## WHAT YOU NEED TO DO
Only one stretch of the data should be retyped: the lines from the line containing "為了提倡環保準備了布手帕能擦" through the line containing "菜の花やミモザの黄色、パンジーの青色など、少しずつ彩りを増しています。". Keep pictures out of it.

## MATERIAL FOR THIS EXERCISE
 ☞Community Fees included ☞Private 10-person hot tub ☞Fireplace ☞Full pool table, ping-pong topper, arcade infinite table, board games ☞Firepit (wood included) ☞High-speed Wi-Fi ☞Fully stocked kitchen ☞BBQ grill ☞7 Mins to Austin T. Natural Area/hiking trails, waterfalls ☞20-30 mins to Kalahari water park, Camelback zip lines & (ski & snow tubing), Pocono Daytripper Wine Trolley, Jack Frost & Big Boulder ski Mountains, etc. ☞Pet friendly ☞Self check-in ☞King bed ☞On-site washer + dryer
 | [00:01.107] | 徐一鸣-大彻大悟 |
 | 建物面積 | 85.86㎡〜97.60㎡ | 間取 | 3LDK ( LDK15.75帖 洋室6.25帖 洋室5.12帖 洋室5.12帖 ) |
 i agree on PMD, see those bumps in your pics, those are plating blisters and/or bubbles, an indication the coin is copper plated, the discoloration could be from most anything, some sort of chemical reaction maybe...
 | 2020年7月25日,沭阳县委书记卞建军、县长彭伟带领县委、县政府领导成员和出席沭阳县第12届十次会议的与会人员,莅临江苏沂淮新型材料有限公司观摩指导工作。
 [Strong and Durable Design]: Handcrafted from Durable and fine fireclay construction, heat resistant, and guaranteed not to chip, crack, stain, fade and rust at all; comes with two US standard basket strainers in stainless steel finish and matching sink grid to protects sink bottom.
--
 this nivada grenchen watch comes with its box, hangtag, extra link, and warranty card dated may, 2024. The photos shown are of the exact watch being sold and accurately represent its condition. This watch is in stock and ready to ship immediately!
---
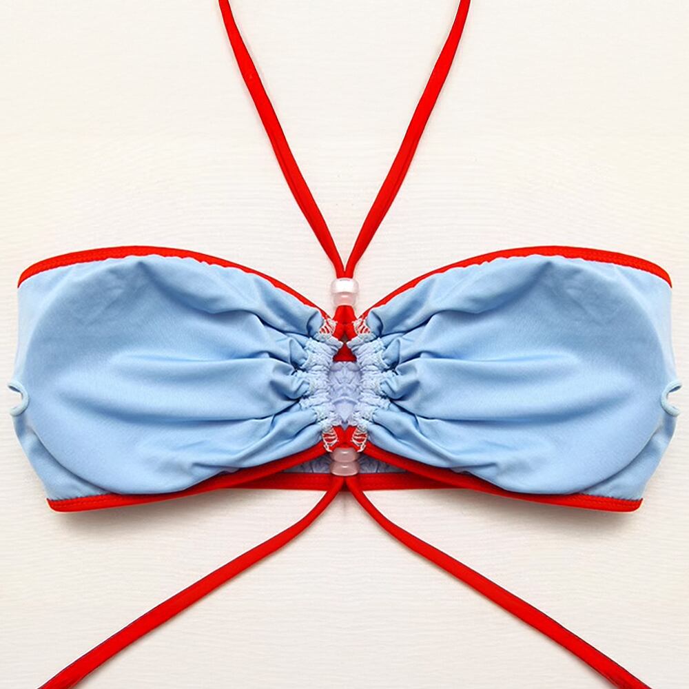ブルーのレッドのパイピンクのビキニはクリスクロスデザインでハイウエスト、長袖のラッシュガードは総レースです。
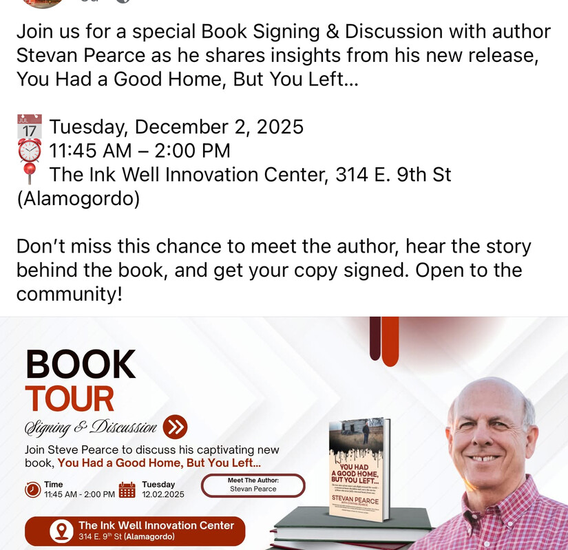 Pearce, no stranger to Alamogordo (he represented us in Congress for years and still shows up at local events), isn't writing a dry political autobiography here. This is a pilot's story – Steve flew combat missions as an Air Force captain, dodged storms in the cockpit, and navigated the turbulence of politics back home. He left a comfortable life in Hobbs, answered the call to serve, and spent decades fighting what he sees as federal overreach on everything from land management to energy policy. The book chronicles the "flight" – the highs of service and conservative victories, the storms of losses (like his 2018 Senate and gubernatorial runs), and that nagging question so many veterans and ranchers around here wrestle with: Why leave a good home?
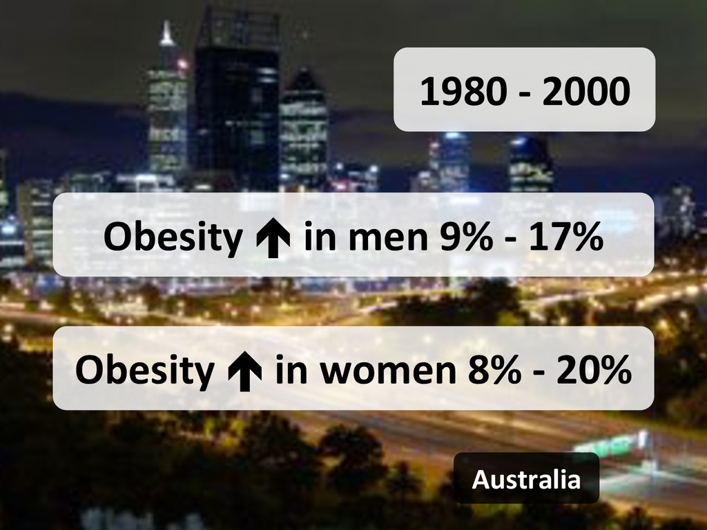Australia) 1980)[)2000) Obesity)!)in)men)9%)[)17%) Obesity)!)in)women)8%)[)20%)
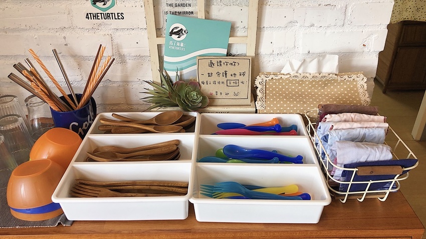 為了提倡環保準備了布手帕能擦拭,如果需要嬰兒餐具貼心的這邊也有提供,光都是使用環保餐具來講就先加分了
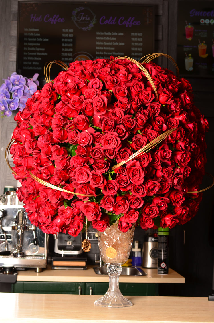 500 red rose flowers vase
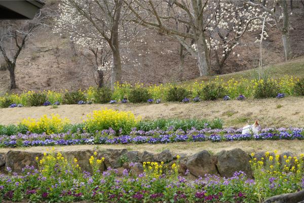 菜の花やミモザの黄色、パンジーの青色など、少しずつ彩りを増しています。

## REPLY TO THE TASK
 為了提倡環保準備了布手帕能擦拭,如果需要嬰兒餐具貼心的這邊也有提供,光都是使用環保餐具來講就先加分了
 500 red rose flowers vase
 菜の花やミモザの黄色、パンジーの青色など、少しずつ彩りを増しています。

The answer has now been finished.